(Beginning of Stored data)

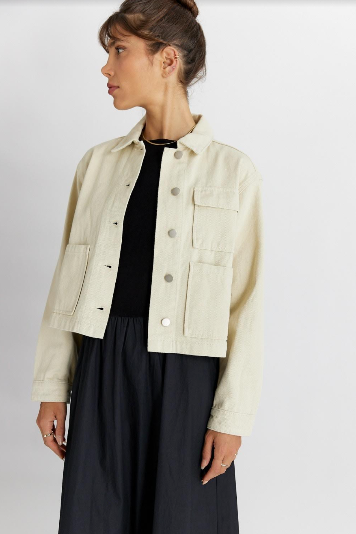 This jacket is a great alternative to a white or denim wash jacket. It gives a utility jacket look making it a statement and staple piece.
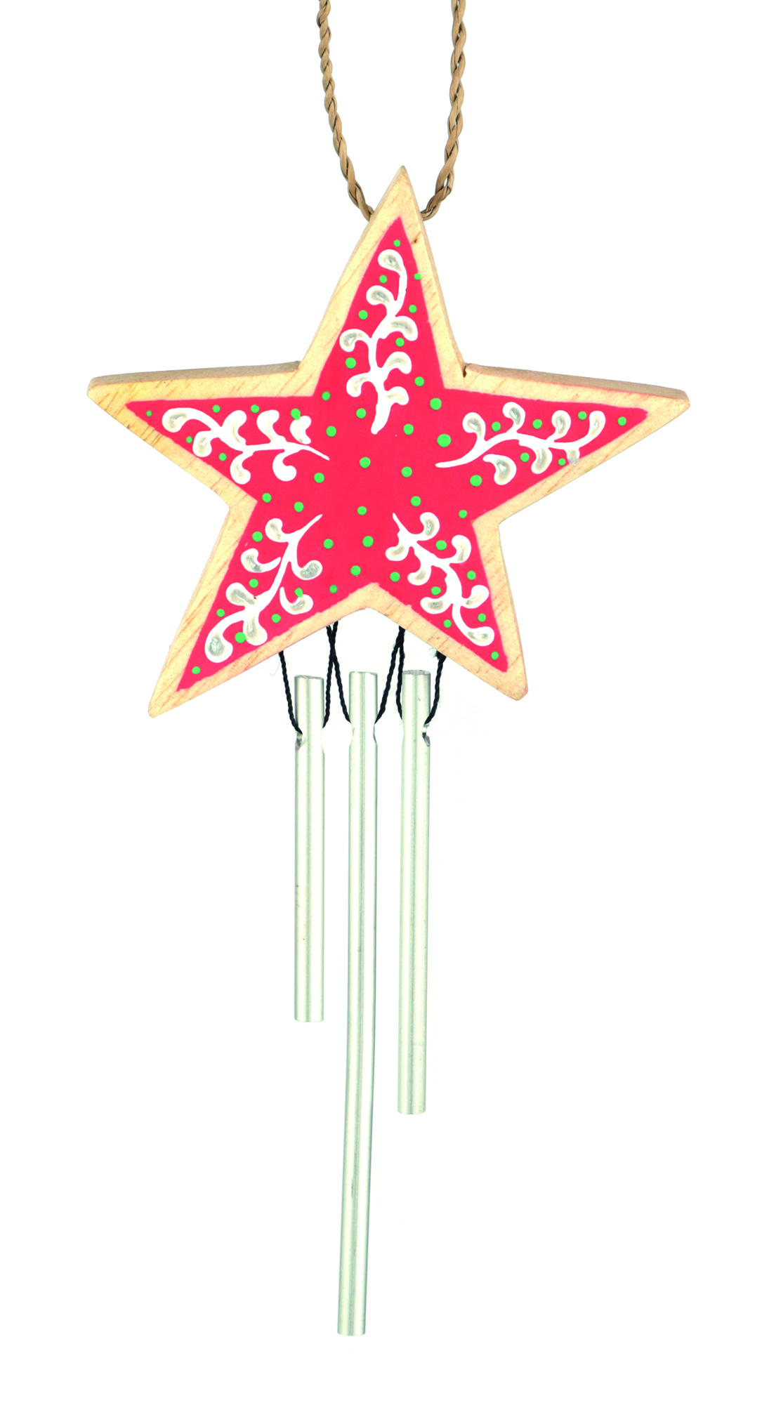 handbemalt, Albesia-Holz und Aluminium, natur/rot/weiß, 8 x 15,5 cm
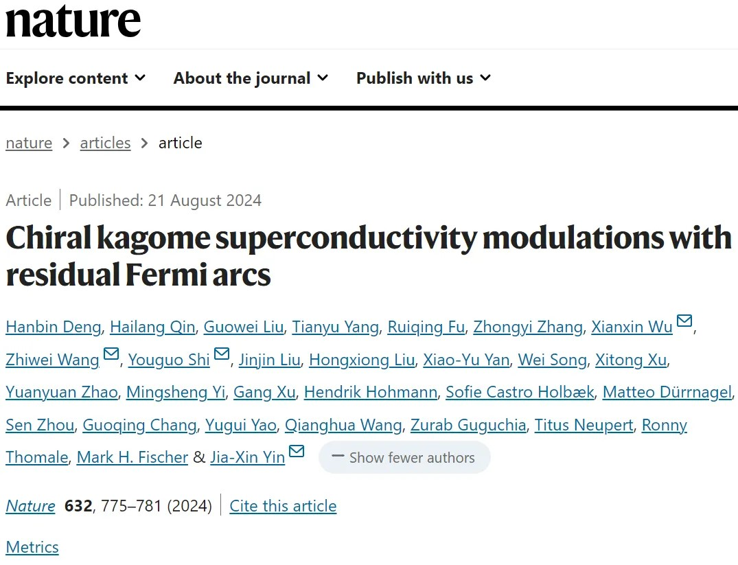 近日,北京麻豆精品秘 国产传媒物理学院王秩伟、姚裕贵教授团队,与南方科技大学殷嘉鑫团队、中科院理论物理所吴贤新团队、中科院物理所石友国团队等人合作,在笼目晶格超导材料AV3Sb5(A = K, Rb, Sb)中发现量子可调的磁性超导态,这种超导态具有手性超导能隙振荡的特征,显示笼目超导材料是探索磁性超导的重要材料体系,相关成果以“Chiral kagome superconductivity modulations with residual Fermi arcs”为题发表在Nature, 632 (2024) 775。

(End of Stored data)

### Task directions
Retype the data above exactly. Leave the pictures out.

### Answer to the problem
 This jacket is a great alternative to a white or denim wash jacket. It gives a utility jacket look making it a statement and staple piece.
 handbemalt, Albesia-Holz und Aluminium, natur/rot/weiß, 8 x 15,5 cm
 近日,北京麻豆精品秘 国产传媒物理学院王秩伟、姚裕贵教授团队,与南方科技大学殷嘉鑫团队、中科院理论物理所吴贤新团队、中科院物理所石友国团队等人合作,在笼目晶格超导材料AV3Sb5(A = K, Rb, Sb)中发现量子可调的磁性超导态,这种超导态具有手性超导能隙振荡的特征,显示笼目超导材料是探索磁性超导的重要材料体系,相关成果以“Chiral kagome superconductivity modulations with residual Fermi arcs”为题发表在Nature, 632 (2024) 775。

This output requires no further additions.